まさかあの食事からツナにディーノさんが好きなんじゃないかって疑われ屋敷から出してもらえなくなるなんて考えてもみなかった。それでもツナは休暇の日はあの女に会いにいくのだからずるいよね。ずるいって別に私も浮気したいってわけじゃないよ?ただ自由にして欲しいの。旦那さんから愛を貰えない妻は家政婦同然じゃない。そんなの嫌よ。だったらせめて私も外に出て買い物したり遊んだり喋ったりしたい。
確かにディーノさんはかっこいいよ。好きか嫌いかと問われれば断然好きな方に入るけど優しいかっこいいの問題じゃないでしょ。ツナは私の見た目で結婚したの?だったら今すぐ離婚届けに印を押すよ?そうじゃないってわかってるから、私の嫌なとこも良いとこもしって私を愛してるって言ってくれたツナの傍にずっと居るって誓ったの。こうやって屋敷から出してくれないのだって私を好きだからだってわかってるから許す。心配しなくても他の男の元になんかいかないのにね。
ディーノさんの頬にキスをしたことをツナがリボーンに話したらしくめずらしく彼が私の部屋に訪れた。人に相談するまえに私に直接聞きにくればいいのにほんと男ってわかんないね。リボーンの表情はなんとも楽しそうだった。書類整理中だった私は一端手を休めてリボーンの話を聞く。
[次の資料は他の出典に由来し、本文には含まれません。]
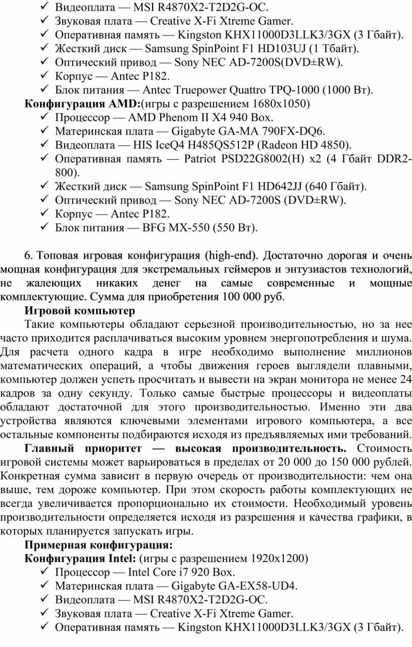 6. Топовая игровая конфигурация (high-end). Достаточно дорогая и очень мощная конфигурация для экстремальных геймеров и энтузиастов технологий, не жалеющих никаких денег на самые современные и мощные комплектующие. Сумма для приобретения 100 000 руб.

言っとくけど昼ドラみたいなリボーンが期待してることはまったくないからね。エロい部分もないから夜ドラでもないから。
「名前がこっちでの挨拶するなんてめずらしいな」
「なんとなくやってみただけよ」
「お前はなんとなくでツナを怒らせるようなことしないだろ?」
このヒットマンはなんて鋭いんだ。たぶんこの人はツナが浮気しているのを気づいている。教え子の異変に直ぐ気づくいい家庭教師だこと。私がツナの見送りや出迎えを始めたときも「昔みたいだな」って言ってたしね。それは中学の時のツナの恋を応援する私みたいだって意味だろう。あれだって別にそのまま京子ちゃんと結ばれれば結ばれたでそれでよかったんだ。ツナがそれで嬉しいなら幼馴染みとしても嬉しいし。
私の頭をくしゃくしゃと優しく撫でたリボーンは言葉の詰まっていた私に「吐き出さなきゃ潰れるぞ」と言葉は酷かったが言い方は優しかった。
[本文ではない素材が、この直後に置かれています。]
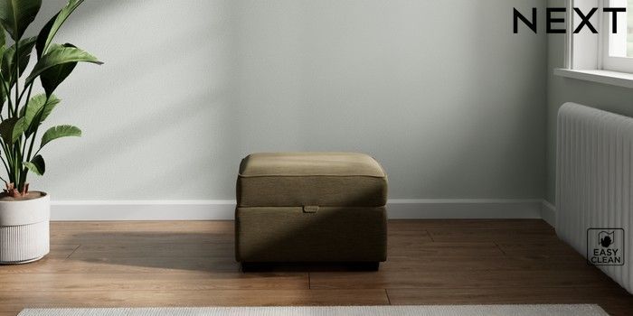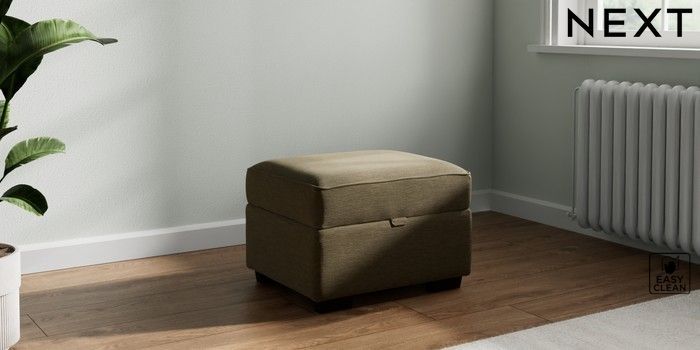 7.2.10 Michigan II Storage Footstool Fine Chenille Easy Clean Dark Moss Green Small Slim Block - Dark | Made Click here to use our website with more accessibility support, for example screen readers

「ディーノもなんかあったんじゃねぇかって心配してたから礼でも言っとけ」
「あ、ディーノさん気にしてたんだ」
「あたりめぇだろ」
やっぱり今までイタリア流の挨拶を自分からしたことはなかったからな。ディーノさんもそれに気づいてたとは…悪いことしちゃったな。心配させるつもりはなかったのに。今度、手料理を振る舞ってあげよう。勿論、ツナも入れて後はリボーンにも。そうそう屋敷から出してくれるようにリボーンがツナに掛け合ってくれるって!流石、女性に優しい伊達男だ。